Найденное письмо я открыл только в своем кабинете, когда забросил соседку домой. Вокруг царила тишина — Глеб все еще болтался в своем клубе, а девушки уже разбрелись по комнатам, готовясь ко сну. Достав из кармана конверт со знакомым корявым почерком, я развернул его и вытащил небрежно сложенный листок, на котором отец размашисто сообщал, что желает вступить в Братство. И все — ни слова больше, ни единого пояснения. Тут мне даже стало немного жалко Темноту. Что, ее тоже хотел бросить?
Письмо было датировано за два месяца до его самоубийства — так что оставалось загадкой, вступил он, не вступил и почему сделал с собой то, что сделал.
— Ну как, — раздалось из висящего на стене зеркала, — доволен? Найдешь мне теперь тело?
Убрав письмо в ящик стола, я подошел к нему. Темная маска без ушей и бровей сквозь черные прорези глаз смотрела прямо на меня.
— Хочу красивую девушку, — добавил следом этот артист.
Понимаю, я их тоже хочу — но это будет не человек.
— В человека я тебя не пущу.
— А вот Темнота пускает, — сразу же возразил мой собеседник.
— А вот я не Темнота.
Маска слегка поморщилась.
— Ну тогда ворон, крыса или кот, — без энтузиазма перечислил веном.
Да хоть морская свинка — тут у меня не имелось возражений. Когда я уходил из кабинета, мы договорились до того, что тушку себе он подберет сам, а я пока перевешу его в гостиную поближе к телевизору. Уж эту-то радость тот, без кого — его цитата — я бы не появился на свет, заслужил.
До своей спальни дойти я не успел. Только поднялся по лестнице, как ближайшая к ней дверь отворилась, и из комнаты, куда мы заселили Нику, выглянула ее новая хозяйка — в кружевном халатике, настолько коротком и тонком, что в принципе было без разницы, надет он или снят.

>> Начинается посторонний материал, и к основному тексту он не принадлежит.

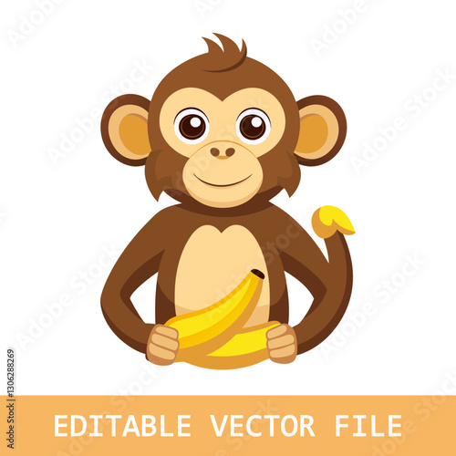 © Design Deck, Fototapeta premium monkey holding a banana with diaper and pacifier cartoon vector icon
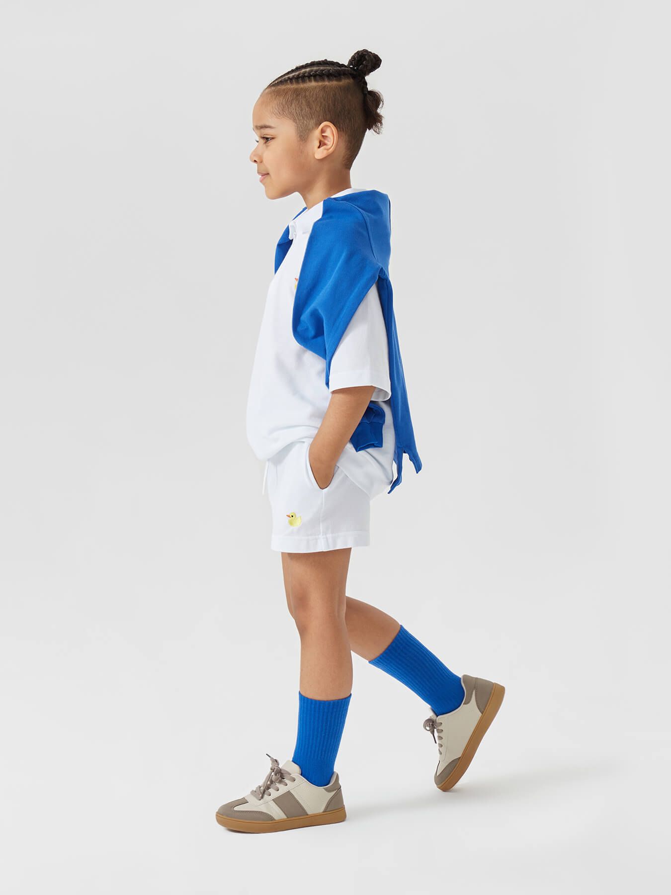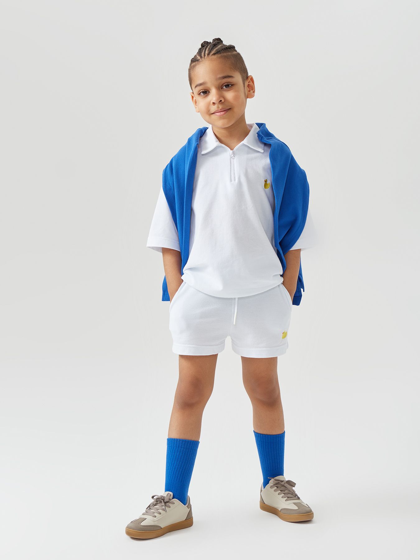 Удобные хлопковые шорты можно носить на прогулки, в детский сад, на занятия спортом. Благодаря резинке и шнурку легко регулировать посадку для любого объема талии. Хлопковый материал хорошо впитывает влагу, дышит, приятен коже. Ткань отлично тянется и не сковывает движения. Лаконичный дизайн шорт гармонично сочетается с одеждой разных стилей.
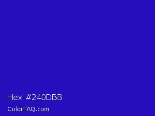 Hex #240dbb Color is a normal indigo color and the nearest color is Interdimensional Blue #360ccc. Hex code #240dbb and RGB value is rgb(36,13,187). In RGB color space, this color is composed of 14% red, 5% green, 73% blue, In CMYK color space, this color is composed of 81% cyan, 93% magenta, 0% yellow , 27% black , In HSL color space, this color has a hue angle of 248° , 87% saturation and 39% lightness.
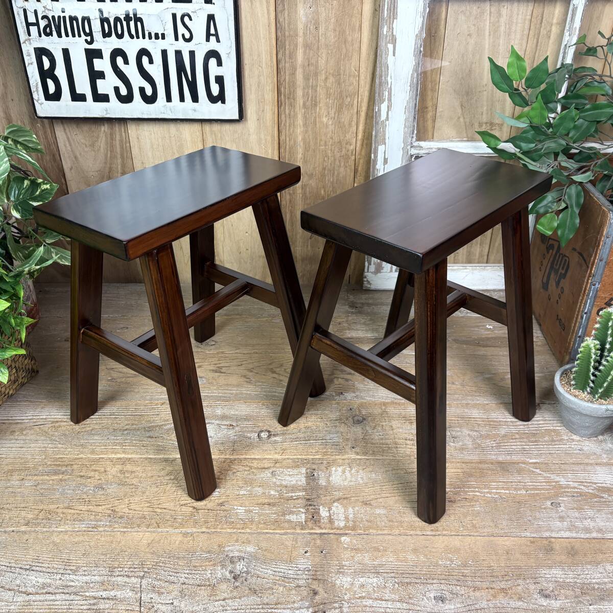 - 送料無料、アジアンエスニック木製長角スツール二脚セット(33㎝×40㎝)、椅子木製、原木天然無垢材、チェア、モダンインテリア、イス
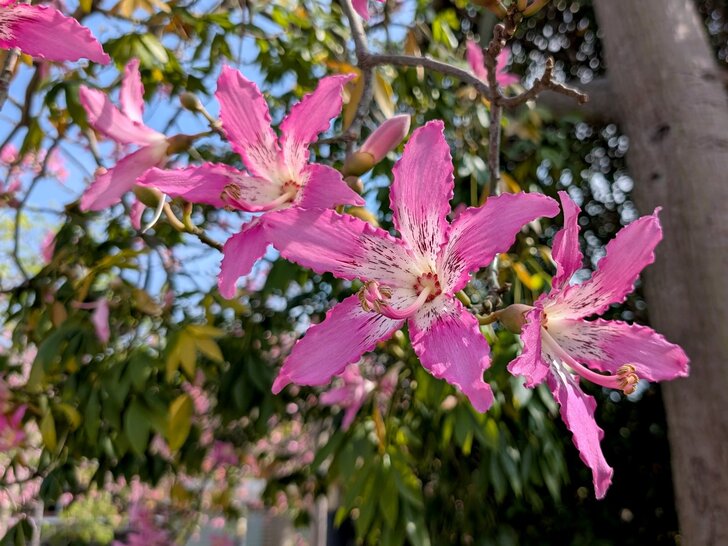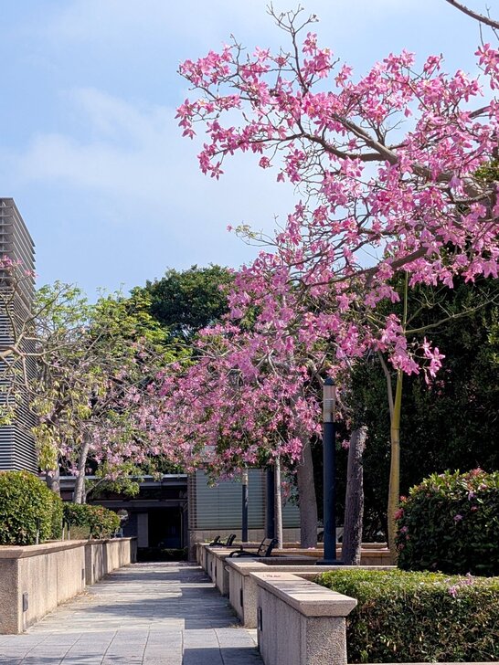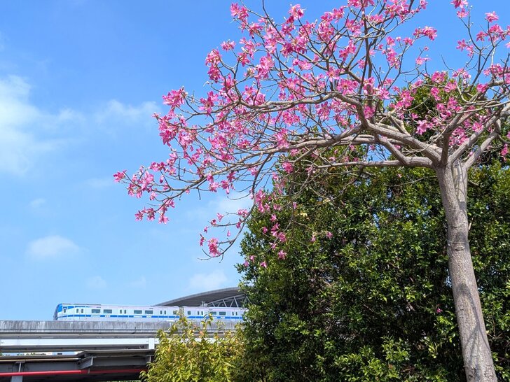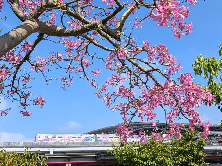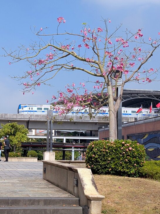 桃捷就在旁邊,難得能有捷運與美人樹同框畫面,於是我在烈日下等待,終於拍了幾幅畫面.↓

— Заглянешь в гости? — проворковала моя балерина. — Меня нужно согреть…
Следом халатик шлепнулся на пол, не оставляя вариантов. Бедная голая девушка так и просилась в теплую постель. Кто бы оставил ее на пороге?
Из спальни Ники я вышел приятно вымотанным, чувствуя себя кем-то вроде султана в гареме, и добрался до покоев главной жены. А вот там меня ждал неожиданный сюрприз — оказывается, в нашей постели появился третий.
На нашем одеяле пушистым белым комком устроился щенок — свежевымытый, завернутый в полотенце и аж язык высовывающий от удовольствия, пока новая хозяйка бережно расчесывала ему шерсть. Я посмотрел на него, и он посмотрел на меня — удивленно, словно спрашивая, что и со мной, что ли, придется делить большую мягкую кроватку? Такой же вопрос, паршивец ты мелкий.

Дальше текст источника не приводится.